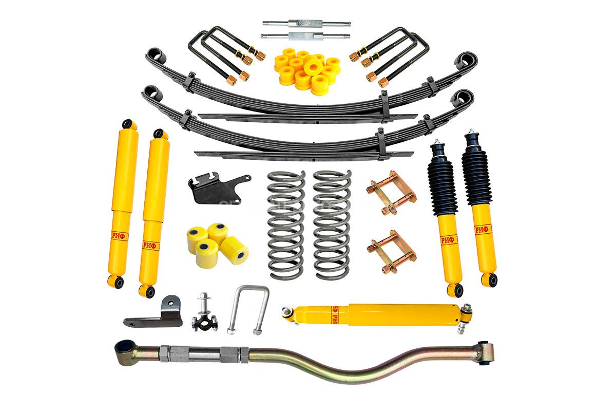 Все компоненты лифт-комплектов разработаны специально для эксплуатации внедорожника в тяжелых условиях на различных дорожных покрытиях. Рессоры, амортизаторы с технологией Foam Cell и пружины не только компенсируют вес установленного на внедорожнике дополнительного оборудования (бамперов, порогов, дополнительных топливных баков, лебедок и прочего), но также существенно повышают грузоподъемность автомобиля. Удлиненные стремянки и серьги произведены из высококачественных материалов и имеют увеличенный запас прочности. Рессорные втулки изготовлены из полиуретана обладает высокой упругостью, износостойкостью и термоустойчивостью к высоким или низким температурам.
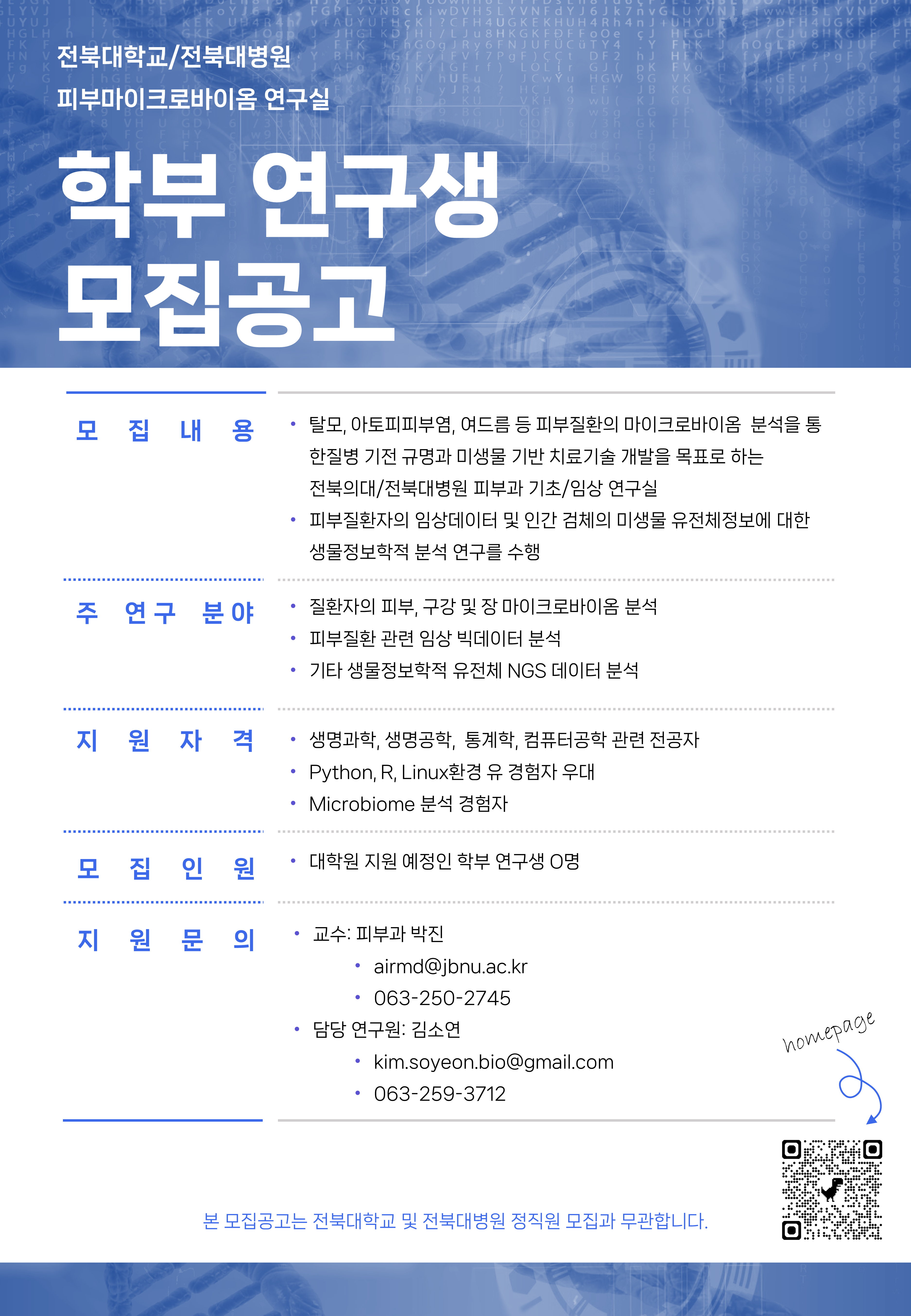 - ํํ์ด์ง : https://sites.google.com/view/skinmicrobiome-lab/home
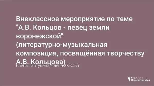 Внеклассное мероприятие по теме "А.В. Кольцов - певец земли воронежской" (литературно-музыкальная композиция, посвящённая творчеству А.В. Кольцова)
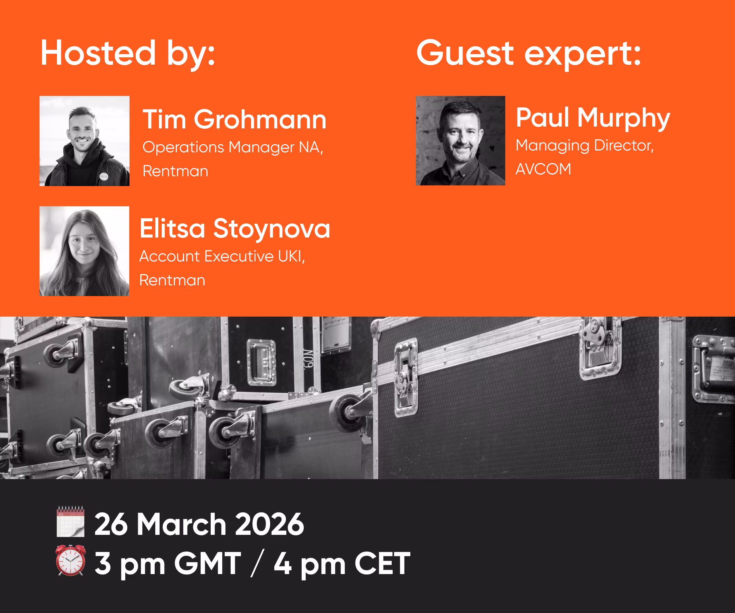 Join Tim and Elitsa from Rentman, alongside Paul Murphy, AVCOM Managing Director, and other industry experts, for a practical session where we'll help you critically evaluate your equipment, processes, and workflows. Walk away with clear, actionable steps to improve efficiency and protect your margins.

[Exercise details]: Print every line of the material above exactly as it reads, skipping the pictures.

[Answer]:
 Все компоненты лифт-комплектов разработаны специально для эксплуатации внедорожника в тяжелых условиях на различных дорожных покрытиях. Рессоры, амортизаторы с технологией Foam Cell и пружины не только компенсируют вес установленного на внедорожнике дополнительного оборудования (бамперов, порогов, дополнительных топливных баков, лебедок и прочего), но также существенно повышают грузоподъемность автомобиля. Удлиненные стремянки и серьги произведены из высококачественных материалов и имеют увеличенный запас прочности. Рессорные втулки изготовлены из полиуретана обладает высокой упругостью, износостойкостью и термоустойчивостью к высоким или низким температурам.
 - ํํ์ด์ง : https://sites.google.com/view/skinmicrobiome-lab/home
 Внеклассное мероприятие по теме "А.В. Кольцов - певец земли воронежской" (литературно-музыкальная композиция, посвящённая творчеству А.В. Кольцова)
 Join Tim and Elitsa from Rentman, alongside Paul Murphy, AVCOM Managing Director, and other industry experts, for a practical session where we'll help you critically evaluate your equipment, processes, and workflows. Walk away with clear, actionable steps to improve efficiency and protect your margins.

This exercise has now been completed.